IMU (Inertial Measurement Unit) is an electronic device that combines accelerometers, gyroscopes, and sometimes magnetometers to measure linear acceleration, angular velocity, and orientation of a moving object. IMUs are critical in navigation and control systems where GPS or other external references may be unavailable or unreliable, such as drones, autonomous vehicles, spacecraft, robotics, and IoT devices. They allow systems to track motion and estimate position through dead reckoning.
Technically, an IMU integrates multiple sensors into a single module. Accelerometers measure acceleration along three orthogonal axes, gyroscopes detect rotational motion around those axes, and magnetometers provide heading relative to the Earth’s magnetic field. Sensor outputs are fused using algorithms such as Kalman filters to estimate orientation, velocity, and position. High-performance IMUs may include gyroscopes with low bias drift and accelerometers with low noise floors for precise navigation.
Key characteristics of IMUs include:
- Multi-axis sensing: captures motion in three dimensions for comprehensive navigation.
- Sensor fusion: combines accelerometer, gyroscope, and magnetometer data for accurate orientation and motion estimation.
- Drift and bias management: requires calibration and filtering to reduce cumulative errors over time.
- High sampling rates: supports fast and dynamic movement tracking.
- Compact and robust: designed for embedded applications in drones, vehicles, and mobile devices.
In practical workflows, IMUs are used in autonomous drones to maintain stable flight when GPS signals are weak or blocked. For example, a drone may use the IMU to detect pitch, roll, and yaw changes, feeding this data into the flight controller to adjust motor outputs in real time. In robotics, IMUs help track movement through indoor environments, supplementing visual or lidar-based navigation. In IoT devices, they can monitor vibration, motion, or orientation for analytics and control.

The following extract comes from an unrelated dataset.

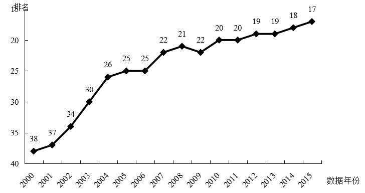 图1 中国国家创新指数排名变化图
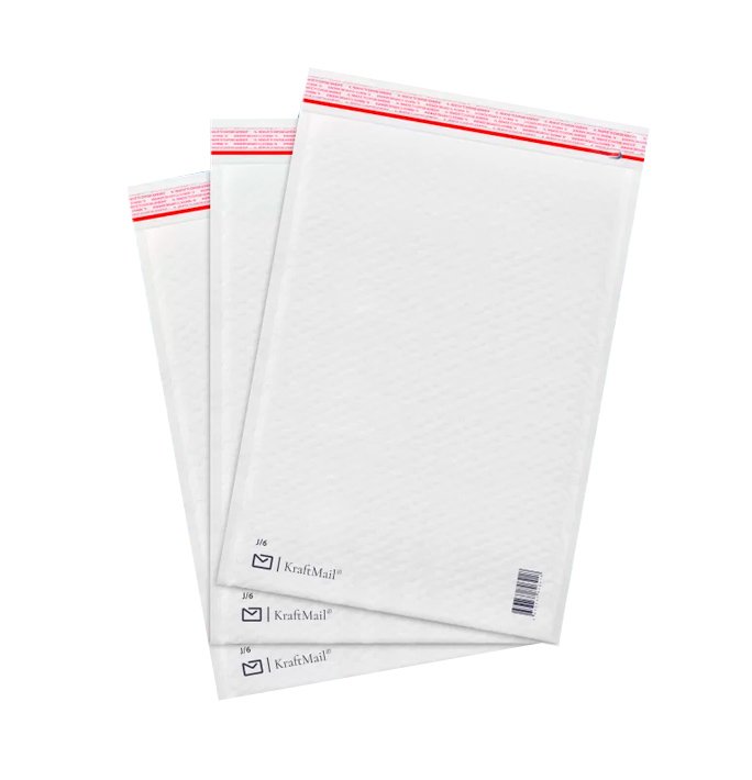 - Крафт-пакеты с воздушной подушкой J/6 белого цвета - это упаковочная продукция, которая состоит из двух материалов: снаружи слой плотной крафт-бумаги 95 г/м2, а внутри - трехслойная воздушно-пузырьковая пленка 90 г/м2.

Conceptually, an IMU is like the inner ear of a machine: it senses every tilt, turn, and acceleration, providing the system with a sense of balance and spatial awareness even when external cues are absent.
Intuition anchor: IMUs act as the proprioception of devices, enabling accurate navigation, motion tracking, and orientation in environments where external references are limited or unavailable.